One month in and it is spreading up into my neck from my right arm. Dictated reviews will be continuing until I know more about what I am dealing with.
List Item: Watch all of the “1001 Movies You Must See Before You Die”
Title: The Goddess (Shen nu)
Director: Wu Yonggang
Year: 1934
Country: China
The ‘tart with a heart’ is one of the most recognizeable character tropes in fiction. When I first read up about The Goddess I thought that I might see a very early incarnation of this stock character; instead I saw a prostitute depicted in a very different light.
The fact that the unnamed main character has turned to prostitution to support herself and her son is very matter of fact. The film square the places the blame for her situation and everything that follows on society. In particular, the society of Shanghai. This booming city depicted as never sleeping with fog in the day and bright lights at night.
I have seen critiques of this film which say that Shanghai and the accompanying society are the only bad guys of this film. That the gambler who terrorises the prostitute, steals her money and generally makes her live a life of fear is just a symptom of the toxic society. I found myself hurling expletives at the screen as he bullishly took all he could from her, but I see their point.
The fact that this film is silent doesn’t really matter, Ruan Lingyu is able to recapture your attention the moment it begins to waver due to the lack of dialogue and ambient sounds. Knowing that the actress later killed herself at the tender age of 24 just adds to the tragedy depicted in the film.
Thanks to The Goddess I want to know more about Ruan Lingyu so will be double billing this with Centre Stage in order to learn more. As for now I’m greatly impressed that in 1934 a film such as this could be made. In terms of context this film was released around the time that the U.S. film industry was slapped by the Hays Code. There’s no way a film such as The Goddess could have been made in the U.S. and still found a way to blame the society rather than the individual.
Sad thing is a lot of prejudice that we see in this film still exists to this day. I can imagine the parents of my own secondary school (both where I taught and where I went myself) exhibiting similar behaviour when learning that their child is friends with the child of a prostitute.
Title: Centre Stage (Ruan Lingyu)
Director: Stanley Kwan
Year: 1991
Country: Hong Kong
The idea of someone being killed by the press is so common nowadays. It’s something that we better about when any celebrity (actor, athlete, musician etc.) dies prematurely having been hounded by journalists. Having now watched both The Goddess and Centre Stage it is very clear that this was the same with 24 year old (25 if you are Chinese) Ruan Lingyu.

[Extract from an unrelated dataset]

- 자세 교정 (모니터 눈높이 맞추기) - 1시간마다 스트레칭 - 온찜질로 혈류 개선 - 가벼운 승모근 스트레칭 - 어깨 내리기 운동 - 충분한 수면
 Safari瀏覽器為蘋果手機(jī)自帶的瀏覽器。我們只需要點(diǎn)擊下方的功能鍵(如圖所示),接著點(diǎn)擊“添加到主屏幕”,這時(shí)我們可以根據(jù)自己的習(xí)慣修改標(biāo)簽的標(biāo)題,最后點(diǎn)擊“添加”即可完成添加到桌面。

It is just despicable that this was happening 80 years ago and still continues to this day.
The interesting thing about Centre Stage is that they decided not to play as a straight biographical film. Instead you have to three threads of film all intertwining to make one cohesive whole.

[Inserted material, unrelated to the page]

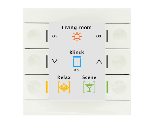 Выключатель Smart 86 имеет шесть механических кнопок с выемками для пальцев. С помощью кнопки можно назначить до 12 функций, а также функцию «шлепка». Кнопки помечены индивидуально с помощью символов и текста на большом активном цветном дисплее. Статус соответствующей функции можно определить как на дисплее, так и с помощью RGB-дисплея кнопок. Дисплей динамически подстраивается под окружающую яркость и может автоматически отключаться в ночное время. Вариант с датчиком температуры предлагает дополнительные функции для настройки температуры отопления или кондиционирования.
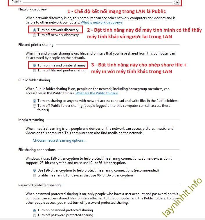 - Trường hợp 2: Máy tính kết nối mạng LAN ở dạng "Public" thì bạn chọn thiết lập như hình bên dưới, sau đó click "Saves change" để lưu lại thay đổi cấu hình.

First we have the regular reenactments featuring a stellar Maggie Cheung in the title role (her retirement from acting 10 years ago is a huge loss to Chinese cinema). This is the main part of the film. Interweaving with this are real excerpts from the films of Ruan Lingyu as well as documentary footage/interviews with the cast, crew, historians and people who actually knew Ruan Lingyu.
By doing this they really are lending credence to their re-enactments. It is a well known saying that you should never know how the sausage is made, but in the case of Centre Stage is fantastic to see some of the behind the scenes footage. Even if some of them were clearly choreographed for the sake of story.

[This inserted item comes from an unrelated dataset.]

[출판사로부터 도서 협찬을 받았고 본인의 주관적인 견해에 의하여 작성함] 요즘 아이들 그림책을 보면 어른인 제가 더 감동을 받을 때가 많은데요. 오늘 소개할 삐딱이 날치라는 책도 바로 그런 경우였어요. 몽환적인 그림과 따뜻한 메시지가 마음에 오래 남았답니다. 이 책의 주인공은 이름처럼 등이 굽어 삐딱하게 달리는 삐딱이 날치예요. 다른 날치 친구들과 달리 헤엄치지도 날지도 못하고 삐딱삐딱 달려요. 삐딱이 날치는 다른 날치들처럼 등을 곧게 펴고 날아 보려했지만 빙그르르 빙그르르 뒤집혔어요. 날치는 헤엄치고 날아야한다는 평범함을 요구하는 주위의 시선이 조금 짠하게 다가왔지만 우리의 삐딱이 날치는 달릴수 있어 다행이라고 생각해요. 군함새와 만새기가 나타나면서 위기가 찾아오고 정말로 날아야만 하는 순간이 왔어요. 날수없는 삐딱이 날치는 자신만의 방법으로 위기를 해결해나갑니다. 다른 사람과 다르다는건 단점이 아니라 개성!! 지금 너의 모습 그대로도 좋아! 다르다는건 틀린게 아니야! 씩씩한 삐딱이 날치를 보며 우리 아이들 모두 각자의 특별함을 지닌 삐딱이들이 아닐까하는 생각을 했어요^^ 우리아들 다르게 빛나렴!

I think there are very few of us who able to understand how Ruan Lingyu would have been feeling there any point in this film. In many ways she was a very strong woman, but also fragile. At this time China was undergoing so much and the pressure she would have felt to be this beacon of modern womanhood must have been overwhelming.
What gets me is how she was singled out by the press because she dared to star in a film that depicted the press as monsters. They chose to pick an easy target to destroy as they could not accept the mirror being shown to them.
She was by no means the first Chinese movie star to take their own life; she knew an actress who had done this at age 21 a few years earlier. Ruan Lingyu, however, was the first megastar to do so. So many of her films are now considered lost. The number that survive appear to be somewhere in the region of 6 to 8 with dozens lost to the ages. Who knows what she could have accomplished after the age of 24 if she’d not been made such a vicious target.